In this regard, he added that “the bioeconomy is a good example of that transforming vision aimed at promoting sustainable, smart production, drawing on the huge base of natural resources that we possess.”
Otero urged IICA, an institution of the Inter-American System founded 75 years ago, to work to demonstrate that agriculture is an essential part of the solution to a situation he described as “alarming,” as “the food, population, energy and environmental crises pose a threat to hopes of a sustainable future.”
He also stated that IICA would focus its efforts on helping the countries to move beyond the “outdated vision” of agriculture as “an extractivist sector and a generator of primary goods,” and view it instead as “the biomass industry.”
According to the new head of IICA, such an approach would be a paradigm shift, with rural areas playing an active role that would allow them to become areas of progress, with new technologies and connectivity, “reversing the current vision that regards them as places that breed poverty and force their human resources to migrate.”
In Otero’s opinion, the new scenario creates major opportunities for “the 15 million small farmers in the Americas who work 400 million hectares of land and whose viability is under even greater threat due to the consequences of climate change.”

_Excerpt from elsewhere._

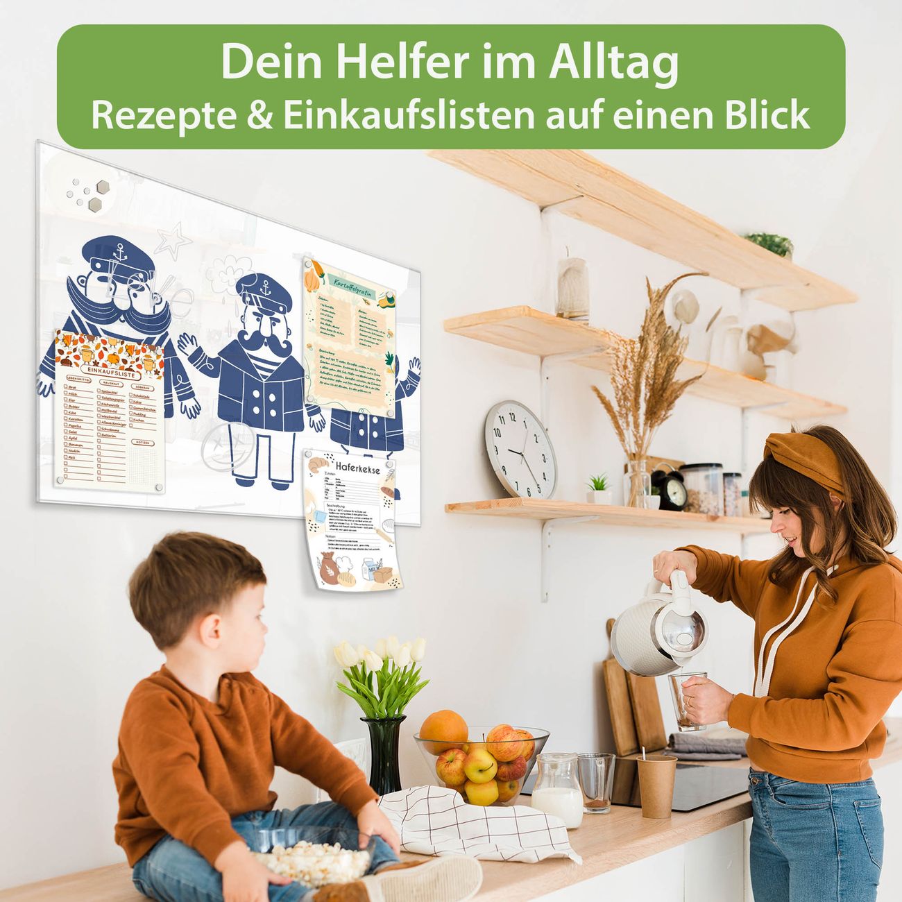 Auf der glatten Glasoberfläche lassen sich Termine, Rezepte oder Notizen ganz einfach mit Kreidestiften festhalten und rückstandslos entfernen. Starke Neodym-Magnete halten Ihre wichtigsten Erinnerungen sicher an Ort und Stelle. So entsteht Ihre ganz persönliche Ideenwand - jeden Tag neu.

As he took over the reins of IICA, Otero also announced that he would work closely with the regional integration mechanisms, mentioning SICA (Central American Integration System), the Caribbean Community (CARICOM), the Organization of Eastern Caribbean States (OECS) and the Andean Community of Nations in particular.

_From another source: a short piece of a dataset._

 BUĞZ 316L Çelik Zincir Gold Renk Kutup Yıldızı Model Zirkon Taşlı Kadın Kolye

“I would also underscore the importance of Canada, the United States and Mexico, and, of course, MERCOSUR, whose level of productive and technological development could be tapped by developing complementary links with both Central America and the Caribbean, to build a continent that is more united and mutually supportive,” Otero remarked.

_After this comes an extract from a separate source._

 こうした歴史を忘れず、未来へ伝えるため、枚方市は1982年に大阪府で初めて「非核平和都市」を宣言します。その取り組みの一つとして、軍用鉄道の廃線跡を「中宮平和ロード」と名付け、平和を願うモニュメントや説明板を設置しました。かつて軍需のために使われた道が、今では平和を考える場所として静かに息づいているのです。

After referring to the implementation of new modalities of technical cooperation, underpinned by efficient and flexible practices involving decentralization, collaborative work, integration into networks, a focus on processes and the mobilization of human and institutional resources, Otero stressed that IICA should continue its “75 years of continuous, fruitful work,” and aim to build “a new future for the benefit of the stakeholders and institutions of the agrifood systems of the Americas.”
Reducing bureaucracy, modernizing IICA’s governing bodies, debating the principal obstacles to cooperation for development and encouraging the active participation of the private sector should be the main areas of focus of the new stage on which the multilateral agency was embarking, Otero suggested.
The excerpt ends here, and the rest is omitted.